Un amigo que tengo desde hace mucho describía
los días próximos a su cumpleaños número 90 como «un tiempo […] para
reflexionar un poco, mirar el espejo retrovisor de mi vida y dedicar muchas
horas a lo que yo llamo “la gracia de recordar”. ¡Es tan fácil olvidar todos
los caminos por los que el Señor me ha guiado! “No olvides ninguno de sus
beneficios” (Salmo 103:2)».
Esto era típico de la persona que conocí y
admiré durante más de 50 años. En lugar de repasar las decepciones, su carta
estaba repleta de gratitud y alabanza a Dios.
En primer lugar, recordaba las misericordias
temporales del Señor: su buena salud, el disfrutar de su esposa y de sus hijos,
el gozo y el éxito en el trabajo, sus enriquecedoras amistades y las
oportunidades que había tenido de servir a Dios. Consideraba que todas esas
cosas eran dádivas; inmerecidas, pero recibidas con total agradecimiento.

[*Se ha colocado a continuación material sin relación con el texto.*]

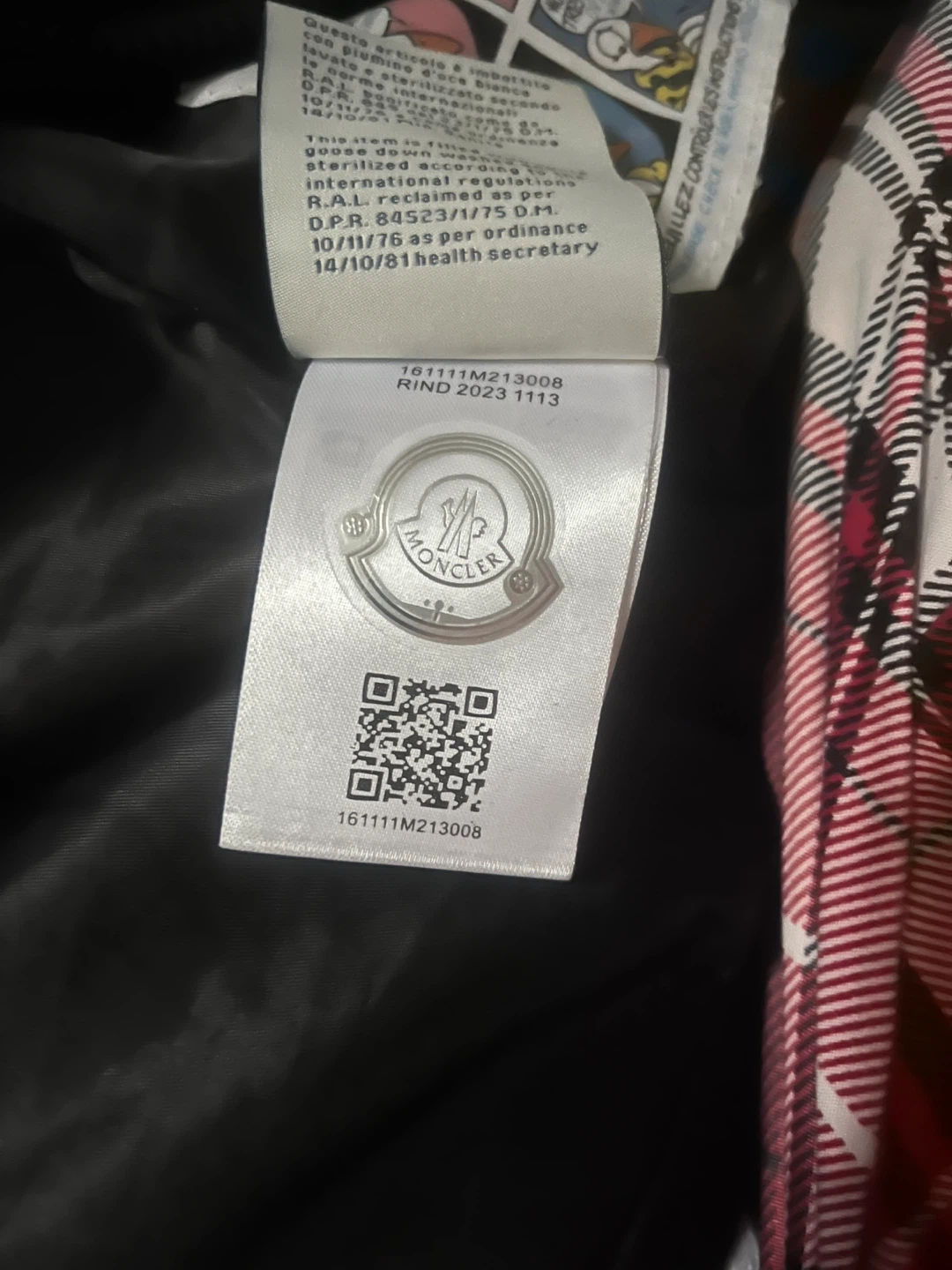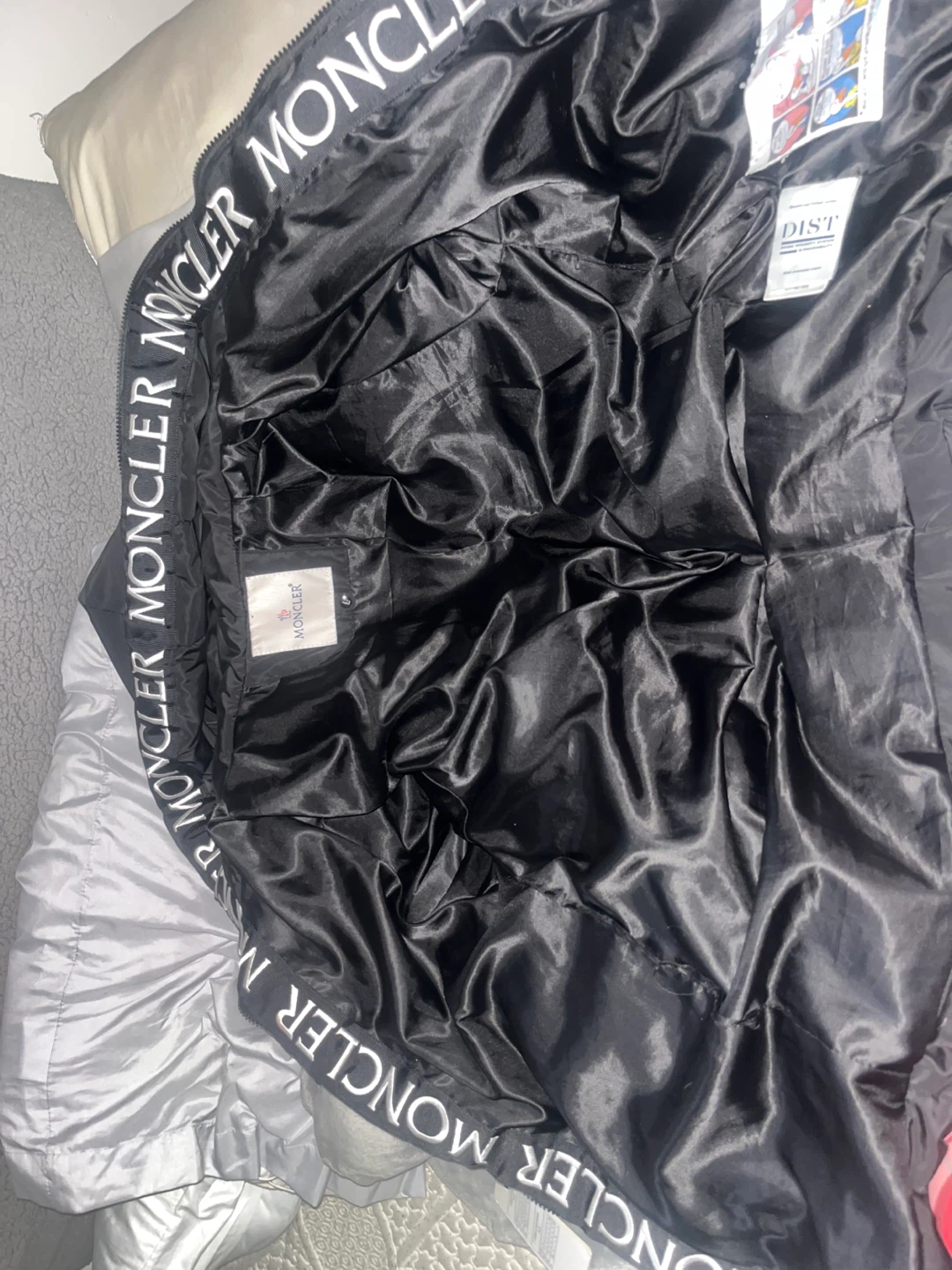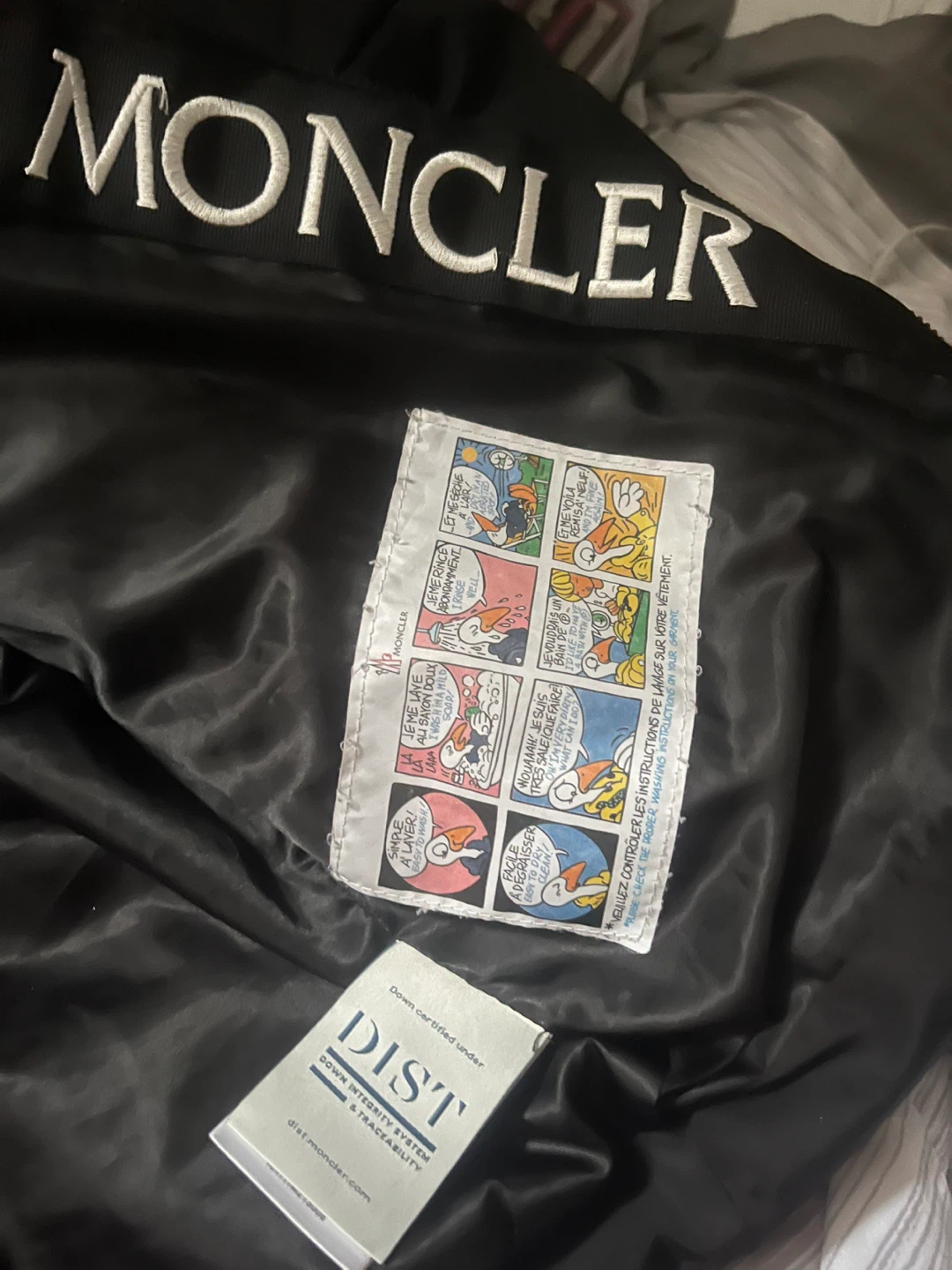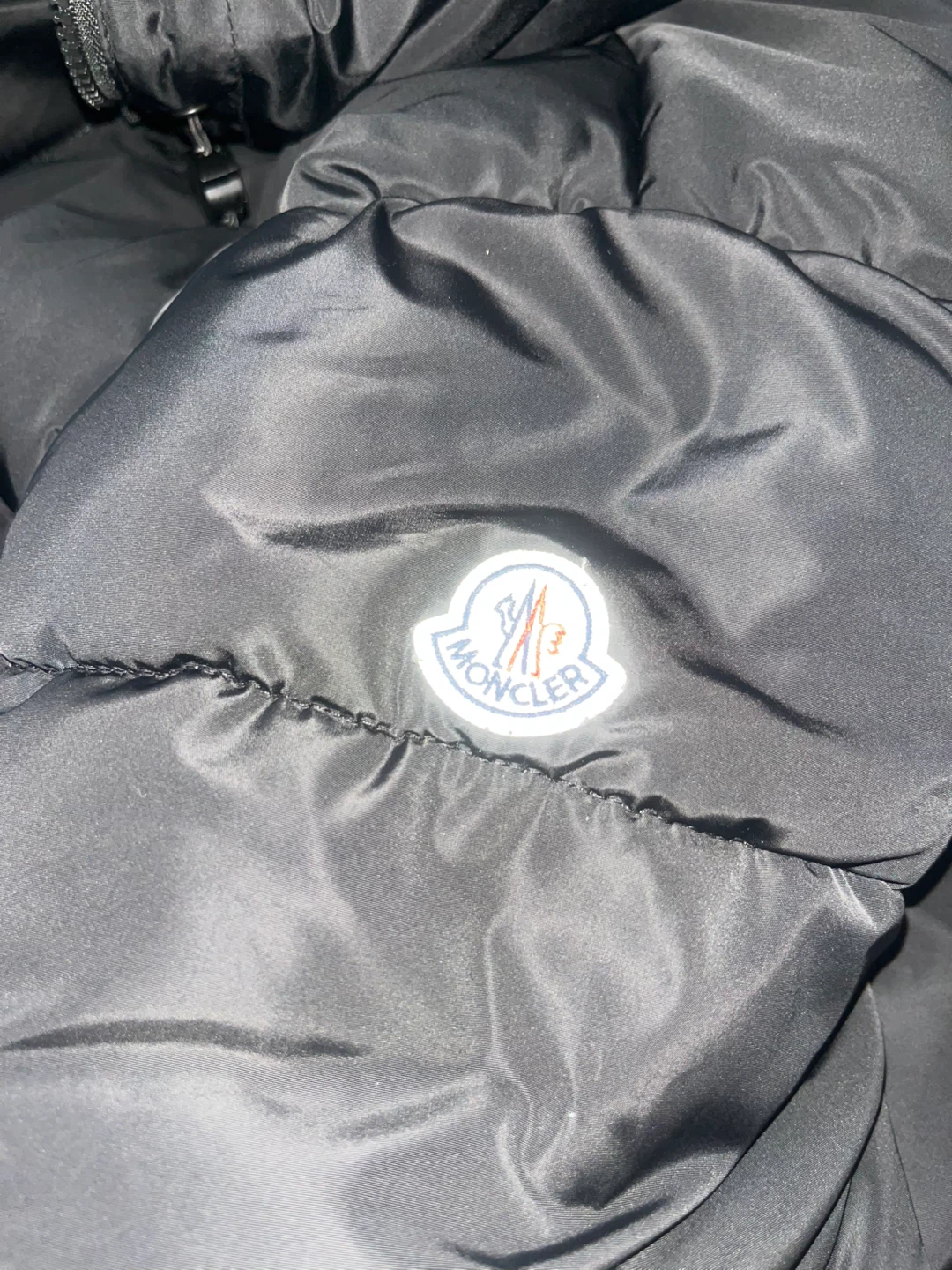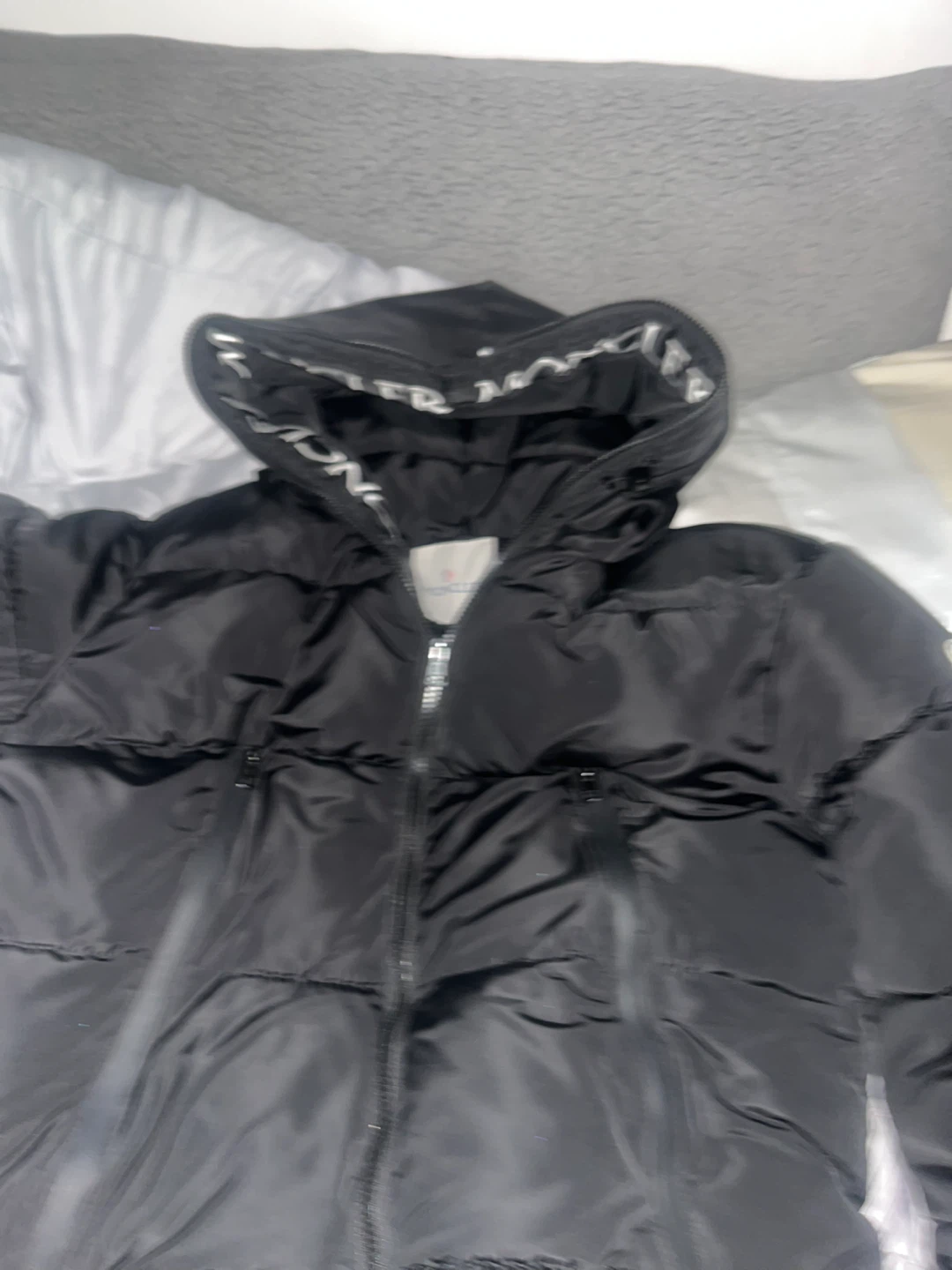 This is a Moncler black down puffer jacket. It's a warm and stylish outerwear piece perfect for colder weather. The jacket features a hood and full zip closure.

Después, repasaba las misericordias
espirituales de Dios: la influencia de padres creyentes en Cristo y el haber
sido perdonado cuando, de joven, aceptó al Señor como su Salvador. Concluyó
hablando del estímulo que había recibido de iglesias, escuelas y hombres
cristianos que se preocupaban y oraban los unos por los otros.
Es un modelo que deberíamos seguir habitualmente: el gozo de recordar. «Bendice, alma mía, a Jehová, y bendiga todo mi ser su santo nombre» (v. 1).